Laissez vous emporter par ce roman très émouvant, poignant, poétique qui vous en apprendra beaucoup sur l’Ukraine et ses mystères, ses hommes et ses femmes fiers de leur pays, le drame et la désolation de la catastrophe de Tchernobyl.

Mais il y a surtout Léna, à la fois forte et fragile, qui se bat pour se faire une place, pour trouver le bonheur loin de sa Terre et faire taire le démon du déracinement qui la hante.

Romps cette fatalité qui est la nôtre, celle qu’on se crée à force d’y croire. Deviens cette femme libre que tu as toujours été. Écoute-toi. L’exil n’est pas irréversible.

Zenca, comme vous aviez vu juste.

(crédit photo Frédérique Lac)

On n’efface pas les souvenirs de Sophie Renouard aux éditions Albin Michel.

En une nuit, la vie belle d’Annabelle bascule: On n’efface pas les souvenirs c’est l’histoire d’une reconstruction après un événement tragique écrite tel un road movie à la Tarantino, avec des mauvaises âmes, des âmes fortes et généreuses, des âmes rebelles et ténébreuses, des âmes belles. De Paris, en passant par la Normandie jusqu’au fin fond de la forêt basque, partez avec Annabelle, ne lui lâchez pas la main, ne l’abandonnez pas …

Biarritz, Grande Plage, octobre 2019

Le livre m’a fait de l’œil tout l’été à Biarritz, difficile de l’éviter quand il est plébiscité par toutes les bonnes librairies ; à l’époque, ma PAL est déjà bien garnie et je résiste.

Quand Sophie Renouard est annoncée dans les rencontres d’automne de la librairie Lacoste de Mont de Marsan, alors forcément je patiente – je précise, la patience n’est pas mon fort. Et ma patience est récompensée car la rencontre est belle et nous nous découvrons un même amour pour le Pays Basque et Biarritz.
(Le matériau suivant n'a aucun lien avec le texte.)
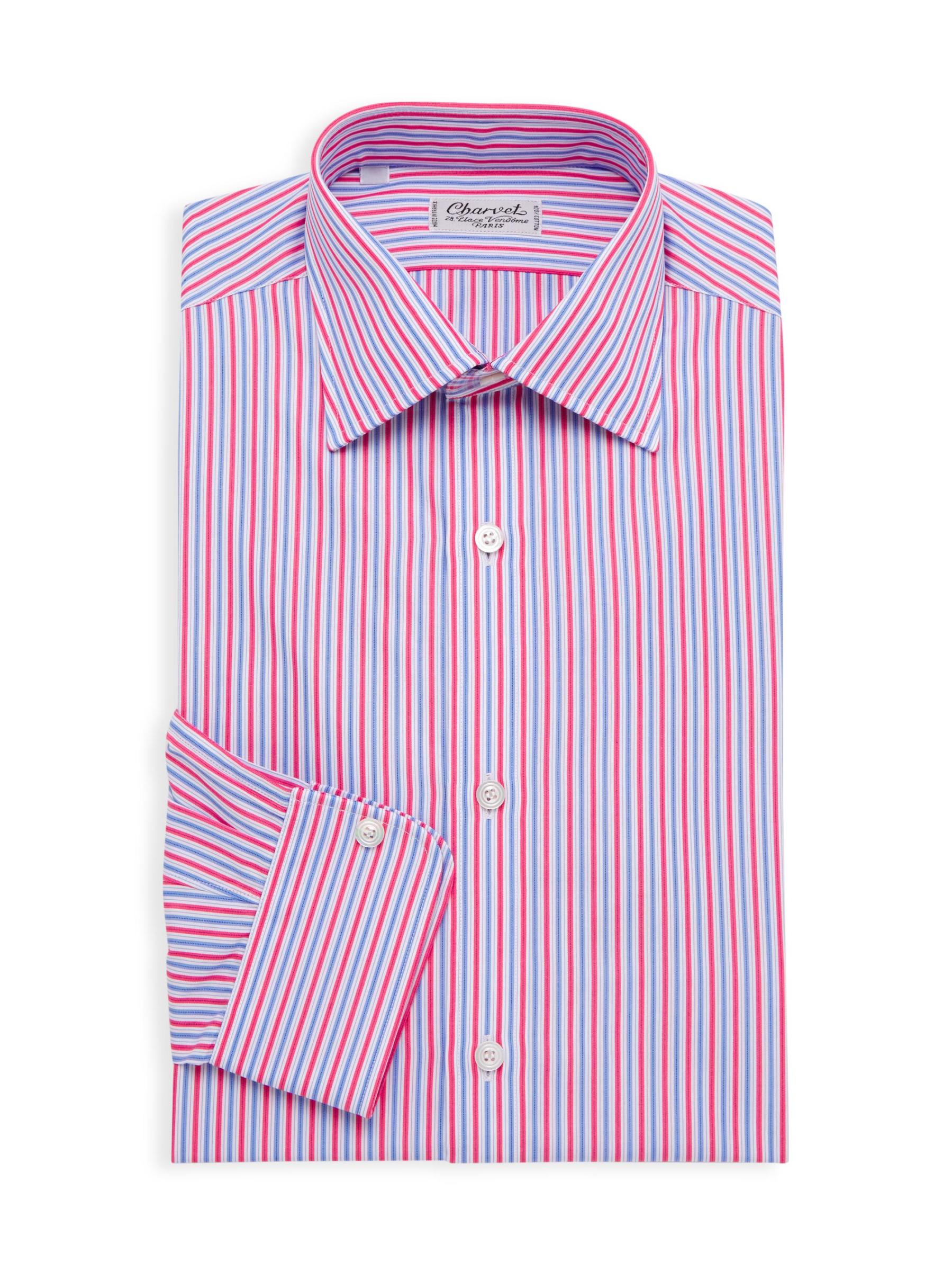 This Charvet dress shirt is crafted of crisp cotton chambray and styled with bold stripes.Classic collar Long sleeves button cuffs Button front closure 100% Cotton Machine wash Made in France
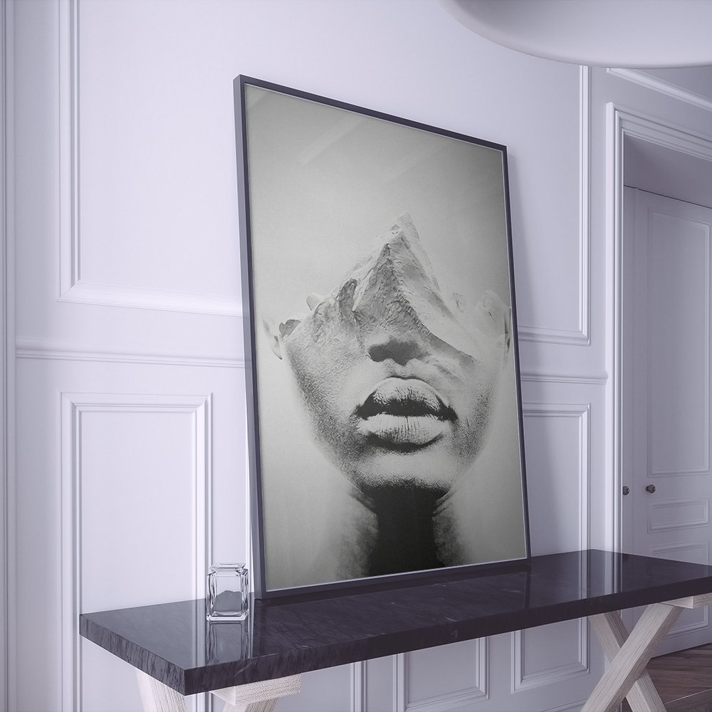 Begeben Sie sich mit „The Edge“ auf eine fesselnde Reise. Dieses bemerkenswerte Schwarz-Weiß-Kunstgemälde steht an der Schwelle zwischen Schöpfung und Formlosigkeit. Präsentation einer unvollendeten Skulptur eines menschlichen Gesichts. Das Spiel von Licht und Schatten wird durch die neutrale Farbpalette verstärkt. Entführt Sie in einen Moment, in dem die künstlerische Entwicklung erstarrt ist. Eine ideale Ergänzung für Ihr Wohnzimmer, da sie sowohl Interesse als auch Nachdenken weckt.
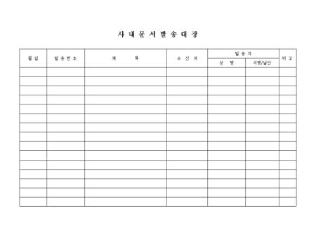일자,발송번호,제목,수신처,발송자를 기록하는 사내문서발송대장입니다.
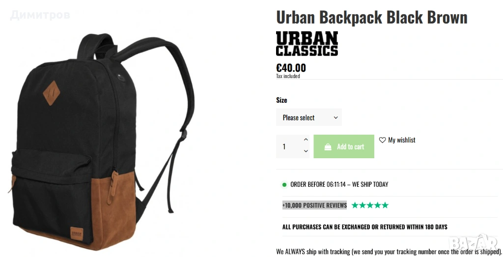 3. Раница Urban Classics - нова, с етикет. Цвят - черен, с кафяв велур. Размери - 45см х 30см х 12см.
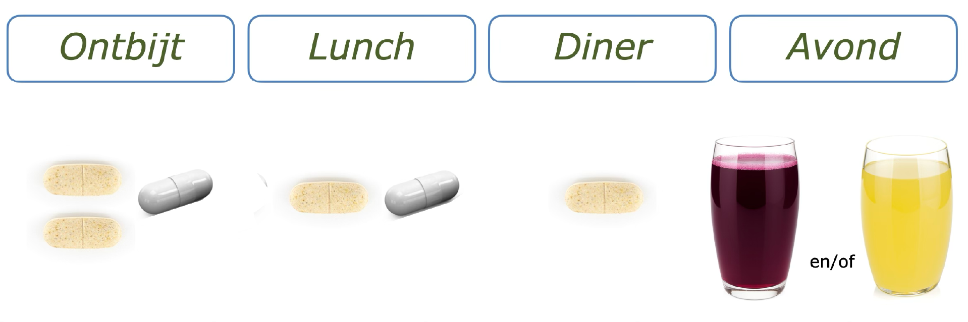 Je kunt nu eenvoudig met de maaltijden de multivitaminen en vitamine C nemen terwijl je het Mineraaldrankje bijvoorbeeld na het sporten of in de avond neemt.
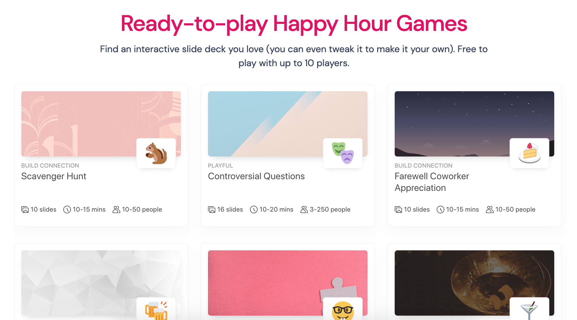 We're more than a simple interactive game player. Our mission is to help connect and excite people. With built-in playful avatars, a live soundboard, and interaction types carefully designed for positive social experiences, Slides with Friends is perfect for your next team happy hour.
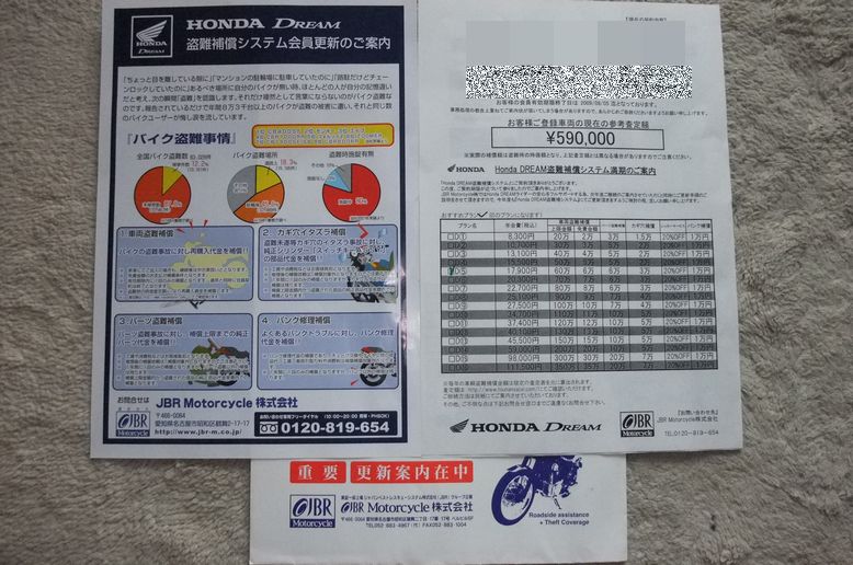 ホンダドリーム店で購入した際に加入した盗難保険
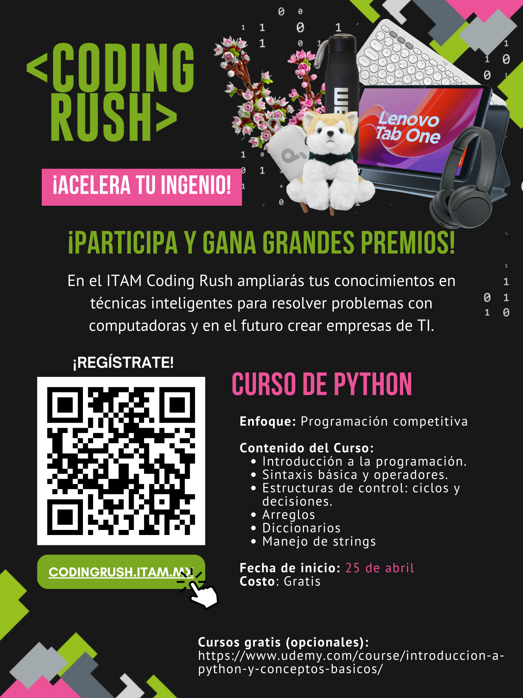 Coding Rush es la oportunidad de empezar con Python, entrar a la programación competitiva y vivir la experiencia del ITAM.
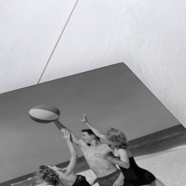 Product images of 1950s teens jumping for beach ball wearing swim suits
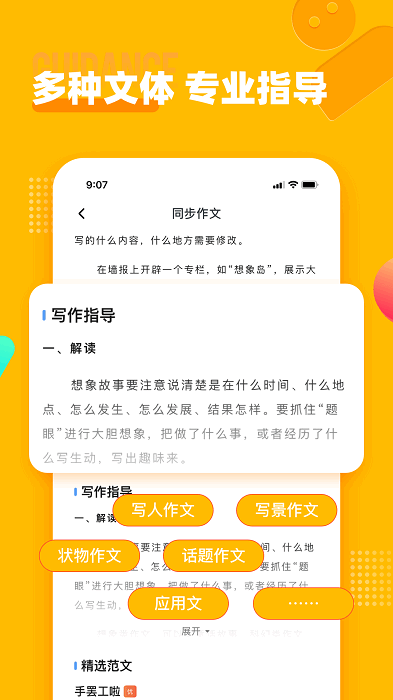 小学作文宝包含话题作文、写景作文、叙事作文、写人作文、状物作文、诗歌、应用文等各类文体,有小学生应掌握的人物描写、景物描写、诗词成语、名家名作等写作素材与语文知识,丰富小学生的写作素材库,打开写作思路;

Le roman de Sophie Renouard est un thriller à vous donner la chair de poule. Annabelle est une jeune femme bien dans ses baskets, une famille qui l’aime et qu’elle aime. Mais la vie va lui réserver une drôle de suite … et vous glacer le sang.

Forcément, je ne peux en dire plus car sinon je spoilerai le livre et je m’en voudrais : si vous aimez les personnages haut en couleur, l’amitié improbable mais oh combien sincère, les amours éphémères, la forêt, ses silences et ses secrets, les histoires de famille, le tout bien saupoudré d’un meurtre et d’un enlèvement, alors rattrapez Annabelle, redonnez lui vie, redonnez lui sa vie.